Euro-dollar swaps had widened as much as 160 bps during the
European debt crisis in 2011/12 and the 2008/09 meltdown, and
most analysts agree that global liquidity is far less
constrained these days.
But signs are that companies, especially in the travel,
leisure and retail industries which are hardest hit by the
coronavirus-induced slump, may face trouble with cashflow or
repaying debt which they took out during the boom years.
Stuart Oakley, a strategist at Nomura in Singapore, said
companies may be acting on the premise that more countries could
emulate Italy-style lockdowns has to contain the virus spread.

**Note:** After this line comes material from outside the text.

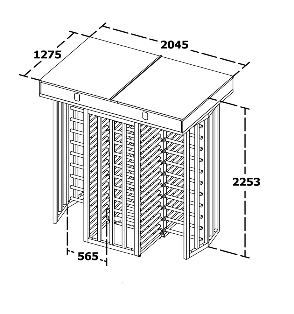 T 2500 K Double to podwójna, 4-ramienna wysoka bramka obrotowa do zastosowań wewnętrznych i zewnętrznych, m.in. na budowach, w zakładach przemysłowych, na stadionach i kampusach. Wykonana ze stali nierdzewnej 304 lub malowanej proszkowo (opcjonalnie 316), z wytrzymałym mechanizmem precyzyjnego odlewu. Po autoryzacji odblokowuje się i automatycznie blokuje po przejściu, umożliwiając ponad 30 przejść na minutę. W przypadku zaniku zasilania umożliwia swobodne przejście lub pracę z zasilaniem bateryjnym.
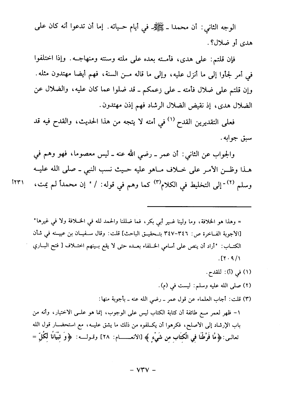 والجواب عن الثاني: أن عمر- رضي الله عنه- ليس معصوما، فهو وهم في هذا وظن الأمر على خلاف ما هو عليه حيث نسب النبي- صلى الله عليه وسلم «2» - إلى التخليط في الكلام «3» كما وهم في قوله:/" إن محمدا لم يمت،

"So what people normally try and do is scramble to get their
hands on dollars – borrow dollars – just so they're liquid,
they've got cash on the hip for when they need it," Oakley
added.
US FRA-OIS spread, a measure of future bank borrowing costs,
widened to 64 basis points, the widest since at least 2011.

IN GOOD COMPANY
Reuters reported on Wednesday that Boeing Co BA.N was
planning to draw down the rest of a $13.8 billion loan agreed
last month. Fears are many other firms will try to do the same.
The worries are reflected also in the soaring cost of
insuring against default by companies and banks in the credit
default swap market - a CDS index of sub-investment grade
European companies hit the highest since November.
The Markit high-yield credit-default swap index CDXHY5Y=MG
- widely used as a gauge of sentiment about high-yield debt -
surged to its highest since November 2011.
"The meltdown in the real economy is severe enough that it
could push banks to the limit and that's what the cross currency
basis is telling us," said Stephen Gallo, European head of FX
markets at BMO Financial Group.
In an effort to stem the damage, major central banks have
embarked on a policy easing spree in recent days, though
analysts remained divided on the impact of the easing.
The Federal Reserve Bank of New York said on Thursday that
it will introduce new repo operations and start purchasing a
range of maturities as part of it's monthly Treasury purchases.
It said changes to its bill-buying were made to address
highly unusual disruptions in treasury financing markets
associated with virus. The U.S. Federal Reserve cut interest rates by 50 bps last
week. The Bank of England on Wednesday followed with a similar
move, and the European Central Bank approved fresh policy easing
measures.
The New York Federal Reserve announced on Wednesday, the
second time this week, it would substantially increase the
liquidity it provides to overnight lending market - a signal it
would do what it could to keep money markets running smoothly.